Ce vendredi 19 novembre à La Filature, l'Orchestre Symphonique de Mulhouse rend un hommage particulier aux cuivres au milieu desquels le cor solo est le maître de cérémonie. Deux concertos sont confiés à ce dernier au centre du programme, le Second Concerto pour cor de Richard Strauss puis le Troisième de Mozart. Ces deux pièces auxquelles le talentueux corniste et trompettiste David Guerrier vient prêter son concours soliste sont encadrées par deux œuvres de nature bien différente. En prélude, la pétillante Ouverture trompette du tout jeune Mendelssohn annonce brillamment le thème de la soirée tandis que l'ombrageuse et romantique Symphonie « Inachevée » de Schubert viendra clore le concert.

C'est avec beaucoup de calme et de sûreté que David Guerrier lance l'attaque du Second Concerto de Strauss, attaque qu'il lui revient d'abord de faire sonner, chaque note se révélant d'une parfaite netteté. Ces qualités que l'on retrouvera au long des deux concertos assurent au public une sorte de confort d'écoute à la fois satisfaisant et stimulant. L'impression est peut-être plus sensible encore dans le Troisième Concerto de Mozart où l'instrument soliste se détache davantage de l'orchestre. En revanche, l'œuvre de Strauss permet particulièrement de bien mettre en valeur la virtuosité de David Guerrier dans les sauts d'intervalles impressionnants ponctuant notamment le premier mouvement. Cette virtuosité n'empêche en rien de laisser place à la séduction qu'opère l'expressivité des lignes mélodiques ; lignes mélodiques néanmoins d'une construction fort complexe dans ce concerto quand elles adoptaient une forme classique dans celui de Mozart. Les raffinements du Rosenkavalier ou de l'empreinte viennoise de Mozart n'y font pas défaut avec leur sens affûté de la nuance et de la légèreté.

James Salomon Kahane
© Heikki Tuuli

L'Orchestre Symphonique de Mulhouse fait corps avec la partie soliste sous la direction du très jeune chef James Salomon Kahane. Ses gestes à la rigueur impérieuse lorsqu'il le faut alternent avec des mouvements d'une réelle sensibilité voulant relier avec souplesse (mais aussi détermination) les phrases musicales entre elles, aussi bien que les musiciens entre eux. La Symphonie « Inachevée » de Schubert offre l'occasion pour l'orchestre de briller par des tuttis aux sonorités, aux harmonies, aux rythmes richement combinés ; quelquefois un peu trop dans certains fortissimos (rarement fort heureusement), eu égard à l'acoustique indûment réverbérante de cette salle. Le retour répété des deux thèmes du premier mouvement et de la brusque interruption du second thème illustrent les atouts de chaque pupitre et soliste. La petite harmonie se distingue particulièrement – hautbois et clarinette par leur expressivité touchante dans le premier thème, clarinette et basson au début du second mouvement pour leur sonorité pure, hautbois et flûte peu après dans leur dialogue séduisant... Cuivres et timbales nuancent et rythment avec brio la succession des scènes et des sentiments que l'on peut imaginer, assurant des transitions solides (cors notamment dans le premier mouvement).

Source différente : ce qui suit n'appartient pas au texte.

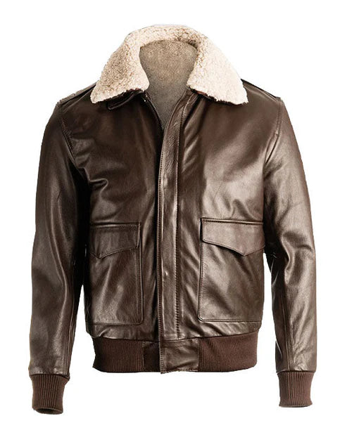 Q1: Is the Men Brown Pilot Shearling Jacket made with genuine leather?

S'il arrive que les cordes manquent quelquefois d'un peu de tranchant dans leurs attaques au cours du premier mouvement, la profondeur et l'inspiration caractérisant les cordes graves sont à souligner. Comme plus tôt dans les concertos pour cor, on trouve une grande rigueur dans le respect de la mesure, assurant sans le moindre hiatus les enchaînements avec les autres parties. À l'écoute attentive du jeu des autres pupitres, les passages legato comme les pizzicati, les nuances et l'expressivité des violonistes (mais aussi des altistes lorsqu'ils sont ensemble) atteignent parfaitement leur but en suscitant une émotion redoublée.

L'Inachevée clôturant le programme marque et marquera vraisemblablement durablement la sensibilité du public qui applaudit longuement l'orchestre et son chef, James Salomon Kahane. Le maestro est venu de sa Finlande adoptive tisser avec l'orchestre alsacien un lien que partagent, la saison durant, d'autres chefs (et cheffes) invités, en attendant la nomination d'ici quelques mois du (ou de la) successeur de Jacques Lacombe, lui-même ayant regagné sa patrie québécoise.